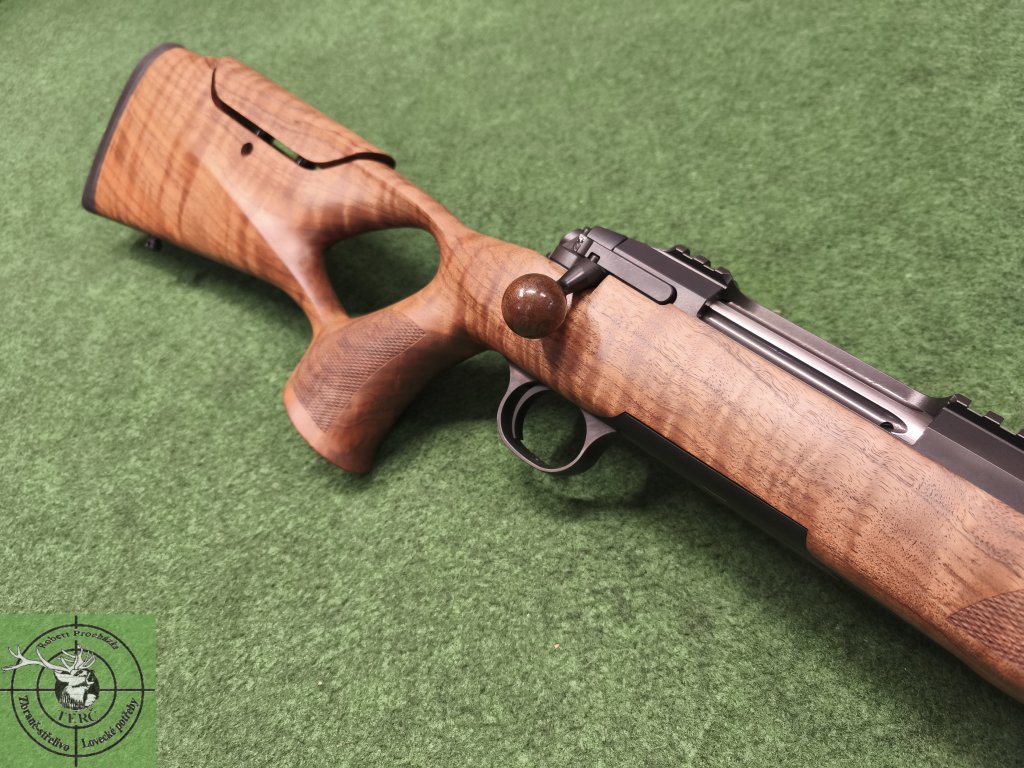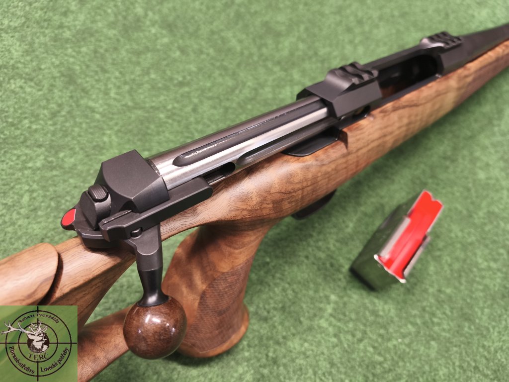 Vychutnejte si neuvěřitelně hladké a extrémně rychlé nabíjení díky přímotažnému závěru. Ten se pohybuje pouze v ose střelby, není ho tedy potřeba dalším pohybem uzamykat jako u běžného systému Mauser. Pětiranný zásobník tedy zvládnete vystřílet velmi rychle. Bezpečnost zaručují tři uzamykací ozuby.
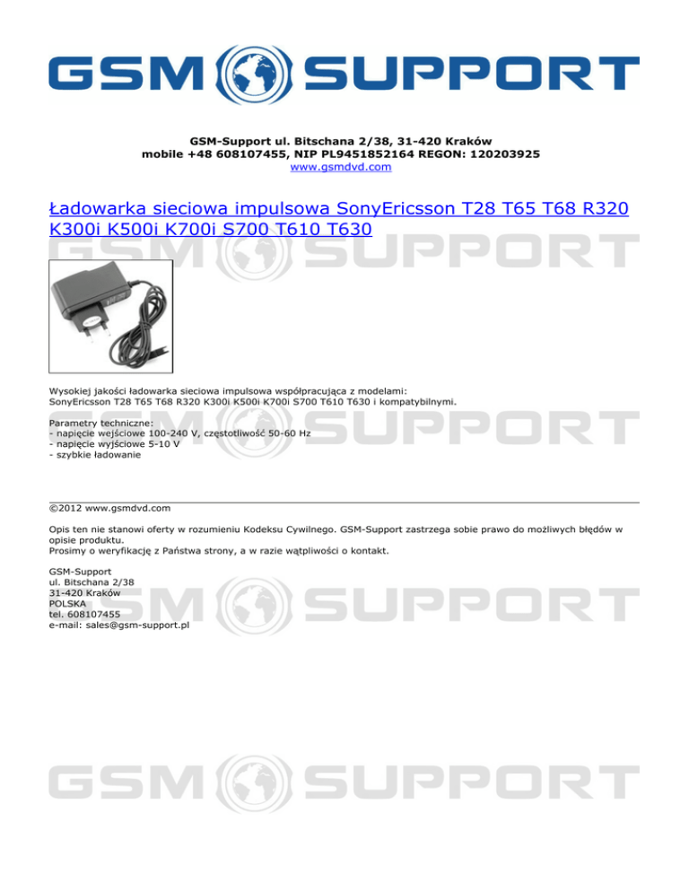 GSM-Support ul. Bitschana 2/38, 31-420 Kraków mobile +48 608107455, NIP PL9451852164 REGON: 120203925 www.gsmdvd.com Ładowarka sieciowa impulsowa SonyEricsson T28 T65 T68 R320 K300i K500i K700i S700 T610 T630 Wysokiej jakości ładowarka sieciowa impulsowa współpracująca z modelami: SonyEricsson T28 T65 T68 R320 K300i K500i K700i S700 T610 T630 i kompatybilnymi. Parametry techniczne: - napięcie wejściowe 100-240 V, częstotliwość 50-60 Hz - napięcie wyjściowe 5-10 V - szybkie ładowanie ©2012 www.gsmdvd.com Opis ten nie stanowi oferty w rozumieniu Kodeksu Cywilnego. GSM-Support zastrzega sobie prawo do możliwych błędów w opisie produktu. Prosimy o weryfikację z Państwa strony, a w razie wątpliwości o kontakt. GSM-Support ul. Bitschana 2/38 31-420 Kraków POLSKA tel. 608107455 e-mail: [email protected] Powered by TCPDF (www.tcpdf.org)
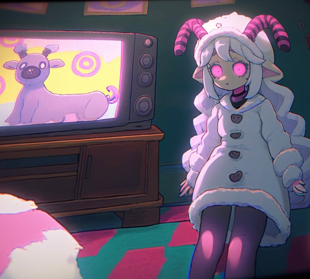 The pink-haired girl went first, “Wow your Lamby fit’s snazzy!” She kneeled down and touched my fit.
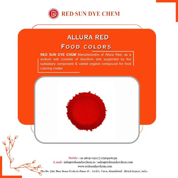 Contact SupplierRED SUN DYE CHEMĀ is one of the best leading Synthetics Organics food colors manufacturers in India. We are Providing Water Soluble Food colors As Synthetics Food Colors Supplier In India food colors that are widely used for as dyes in various industries such as food, pharmaceutical and cosmetic. As a known synthetic food colours manufacturers, and suppliers, Our food colours being easily soluble in water has wide application like in Foodstuff, Beverages, Animal feeds, Pharmaceuticals. Etc.
++++++++
## TASK INSTRUCTIONS
Give back exactly the lines from the line with "The pink-haired girl" through the end of the material above, and omit every picture.

## FINAL ANSWER
 The pink-haired girl went first, “Wow your Lamby fit’s snazzy!” She kneeled down and touched my fit.
 Contact SupplierRED SUN DYE CHEMĀ is one of the best leading Synthetics Organics food colors manufacturers in India. We are Providing Water Soluble Food colors As Synthetics Food Colors Supplier In India food colors that are widely used for as dyes in various industries such as food, pharmaceutical and cosmetic. As a known synthetic food colours manufacturers, and suppliers, Our food colours being easily soluble in water has wide application like in Foodstuff, Beverages, Animal feeds, Pharmaceuticals. Etc.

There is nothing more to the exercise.